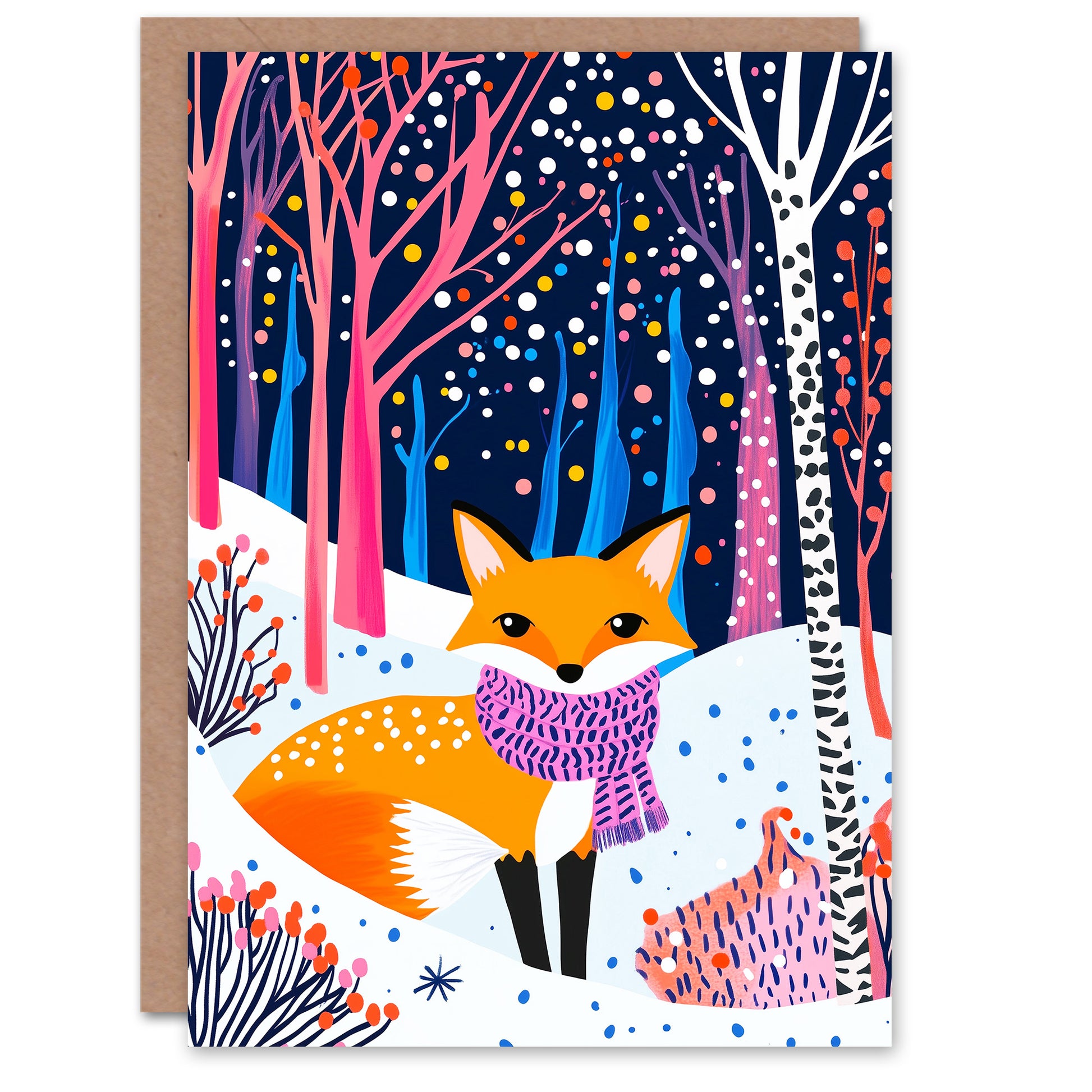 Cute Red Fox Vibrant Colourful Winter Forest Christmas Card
^^^^^^^^^^^^^^^^
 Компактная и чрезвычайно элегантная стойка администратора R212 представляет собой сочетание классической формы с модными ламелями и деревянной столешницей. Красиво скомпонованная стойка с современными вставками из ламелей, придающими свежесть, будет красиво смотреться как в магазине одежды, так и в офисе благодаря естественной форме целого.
^^^^^^^^^^^^^^^^
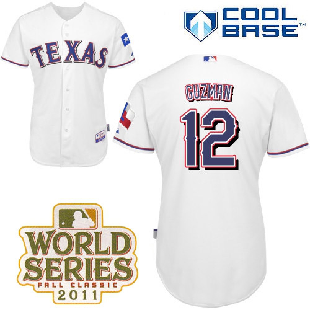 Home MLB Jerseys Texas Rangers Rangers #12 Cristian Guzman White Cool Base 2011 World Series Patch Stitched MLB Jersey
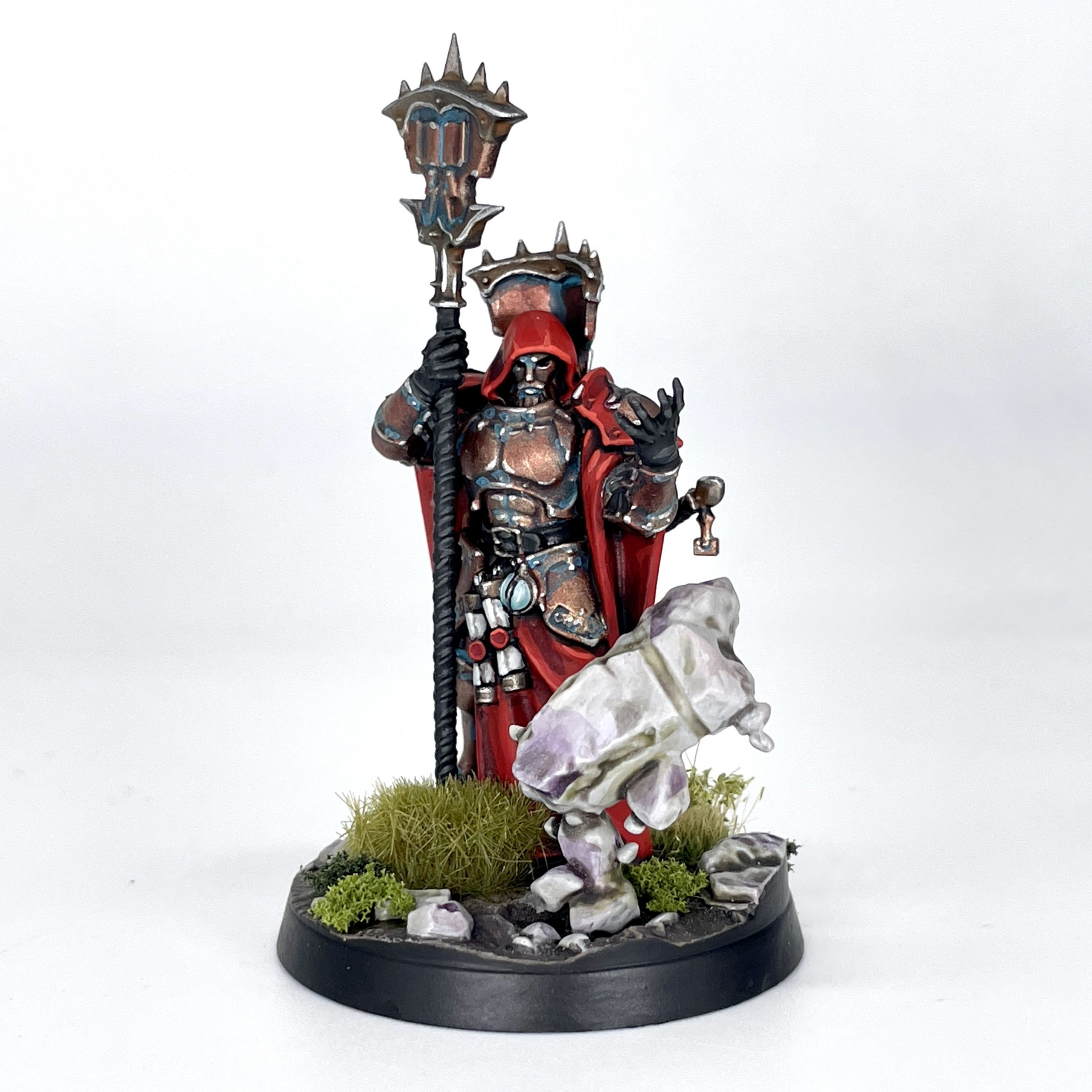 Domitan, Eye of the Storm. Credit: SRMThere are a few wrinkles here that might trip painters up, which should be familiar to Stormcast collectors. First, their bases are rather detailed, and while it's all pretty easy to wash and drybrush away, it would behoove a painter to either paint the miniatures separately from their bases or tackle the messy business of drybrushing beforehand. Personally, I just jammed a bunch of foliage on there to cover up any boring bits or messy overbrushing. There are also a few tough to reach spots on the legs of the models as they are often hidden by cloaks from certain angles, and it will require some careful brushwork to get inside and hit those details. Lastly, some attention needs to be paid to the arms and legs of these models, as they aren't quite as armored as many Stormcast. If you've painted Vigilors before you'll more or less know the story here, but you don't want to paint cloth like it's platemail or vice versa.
^^^^^^^^^^^^^^^^
What to print is the stretch of entries from the line with "Home MLB Jerseys" up to and including the line with "Domitan, Eye of". Please print it exactly and leave out the pictures.

__SOLVED PROBLEM__
 Home MLB Jerseys Texas Rangers Rangers #12 Cristian Guzman White Cool Base 2011 World Series Patch Stitched MLB Jersey
 Domitan, Eye of the Storm. Credit: SRMThere are a few wrinkles here that might trip painters up, which should be familiar to Stormcast collectors. First, their bases are rather detailed, and while it's all pretty easy to wash and drybrush away, it would behoove a painter to either paint the miniatures separately from their bases or tackle the messy business of drybrushing beforehand. Personally, I just jammed a bunch of foliage on there to cover up any boring bits or messy overbrushing. There are also a few tough to reach spots on the legs of the models as they are often hidden by cloaks from certain angles, and it will require some careful brushwork to get inside and hit those details. Lastly, some attention needs to be paid to the arms and legs of these models, as they aren't quite as armored as many Stormcast. If you've painted Vigilors before you'll more or less know the story here, but you don't want to paint cloth like it's platemail or vice versa.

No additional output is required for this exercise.